Esclavage : plus grave crime contre l’humanité

Déclaration du Comité Devoir de Mémoire Martinique, le 28 mars 2026, sur le vote de l’ONU du 25 mars 2026

Le Comité Devoir de Mémoire Martinique prend acte du vote du 25 mars 2026 à l’ONU proclamant que  » la traite des Africains réduits en esclavage et l’esclavage racialisé des Africains » sont  » les plus graves crimes contre l’humanité », et s’interroge sur l’abstention de la France.

Pendant plus de quatre siècles, entre 12 et 15 millions d’Africains furent déportés vers les Amériques.

Mais ce chiffre ne reflète qu’une partie de la tragédie.

Avant même l’embarquement, lors des captures, des razzias et des marches forcées vers les côtes, entre 2 et 4 millions de personnes périrent.

Durant la traversée atlantique, dans les cales des navires négriers, près de 2 millions d’êtres humains moururent. Une fois arrivés dans les Amériques, la mortalité demeura extrêmement élevée.

Dans les plantations esclavagistes, entre 30 % et 50 % des nouveaux arrivants mouraient dans les dix premières années, victimes du travail forcé, de la malnutrition, des maladies et des violences.

Cela représente entre 3 et 6 millions de morts supplémentaires.

Ainsi, il est historiquement raisonnable d’estimer que entre 7 et 12 millions d’êtres humains périrent directement du fait de la traite transatlantique et de l’esclavage.

Ces chiffres ne prennent pas en compte :

la destruction démographique de l’Afrique

les morts sur plusieurs générations

les millions d’enfants qui ne naquirent jamais

L’esclavage transatlantique fut donc une entreprise de destruction humaine massive, accompagnée d’un racisme structurel dont les conséquences continuent de marquer l’organisation du monde, les inégalités économiques et les rapports sociaux contemporains.

Le Comité Devoir de Mémoire Martinique regrette profondément le vote négatif des États-Unis, d’Israël et de l’Argentine.

Il exprime également son incompréhension face aux abstentions européennes, et particulièrement celle de la France.

Cette position est d’autant plus regrettable que la France avait déjà reconnu, par la loi Taubira de 2001, l’esclavage comme crime contre l’humanité.

La France disposait d’une occasion historique d’affirmer cette reconnaissance.

Elle a choisi de s’abstenir.

Le Comité Devoir de Mémoire Martinique prend également acte de l’absence de vote du Bénin, qui interpelle au regard de l’histoire partagée de la traite.

Ce vote marque néanmoins une évolution majeure :

une large majorité de la communauté internationale reconnaît désormais l’ampleur de cette barbarie.

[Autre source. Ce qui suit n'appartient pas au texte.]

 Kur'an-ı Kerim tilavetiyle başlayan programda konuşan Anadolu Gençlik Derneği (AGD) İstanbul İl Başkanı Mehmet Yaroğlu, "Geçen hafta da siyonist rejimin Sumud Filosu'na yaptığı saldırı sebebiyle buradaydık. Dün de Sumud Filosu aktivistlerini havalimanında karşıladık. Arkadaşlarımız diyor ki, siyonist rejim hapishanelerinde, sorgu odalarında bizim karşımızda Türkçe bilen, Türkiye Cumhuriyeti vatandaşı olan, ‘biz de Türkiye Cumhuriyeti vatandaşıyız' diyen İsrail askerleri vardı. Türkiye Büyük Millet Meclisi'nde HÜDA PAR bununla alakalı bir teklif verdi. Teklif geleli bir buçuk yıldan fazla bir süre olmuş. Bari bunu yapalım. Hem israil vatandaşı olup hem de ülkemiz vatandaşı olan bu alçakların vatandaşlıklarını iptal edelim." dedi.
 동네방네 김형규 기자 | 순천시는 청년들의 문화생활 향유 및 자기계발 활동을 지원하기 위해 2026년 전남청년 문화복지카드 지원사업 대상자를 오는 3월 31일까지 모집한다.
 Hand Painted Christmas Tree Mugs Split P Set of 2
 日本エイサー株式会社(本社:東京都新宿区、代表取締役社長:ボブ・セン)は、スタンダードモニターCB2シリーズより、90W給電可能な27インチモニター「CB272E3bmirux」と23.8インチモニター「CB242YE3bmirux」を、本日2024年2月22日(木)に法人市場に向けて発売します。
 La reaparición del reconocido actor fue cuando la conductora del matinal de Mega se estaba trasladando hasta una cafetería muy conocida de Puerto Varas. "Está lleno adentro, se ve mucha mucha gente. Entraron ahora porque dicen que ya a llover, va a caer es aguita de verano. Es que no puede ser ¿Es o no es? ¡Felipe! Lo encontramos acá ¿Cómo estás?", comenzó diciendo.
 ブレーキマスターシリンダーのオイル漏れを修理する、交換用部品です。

Mais cette reconnaissance doit désormais s’accompagner d’une exigence de mémoire, de justice et de transmission.

Car l’histoire de l’esclavage ne relève pas seulement du passé.

Elle continue de structurer les inégalités et injustice de notre présent.
Mais au-delà des vies détruites, c’est une part de l’humanité qui fut amputée.

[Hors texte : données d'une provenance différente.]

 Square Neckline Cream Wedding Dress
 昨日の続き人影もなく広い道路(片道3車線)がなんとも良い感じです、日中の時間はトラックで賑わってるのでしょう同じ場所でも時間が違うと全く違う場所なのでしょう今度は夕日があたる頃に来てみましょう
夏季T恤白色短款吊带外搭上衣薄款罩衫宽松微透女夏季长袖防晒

Ce sont des poètes qui ne sont jamais nés.

Des chants qui n’ont jamais été entendus.

Des œuvres qui ne furent jamais créées.

Des savoirs qui furent perdus.

Des civilisations qui furent brisées.

Des millions d’intelligences, de sensibilités, de beautés humaines ont été arrachées au monde.

L’esclavage n’a pas seulement tué des hommes et des femmes.

Il a tué des futurs.

Il a détruit des possibles.

Il a appauvri l’humanité tout entière.
Pour toutes ces raisons, le Comité Devoir de Mémoire de Martinique continue de lutter contre l’oubli et aujourd’hui contre l’amnésie.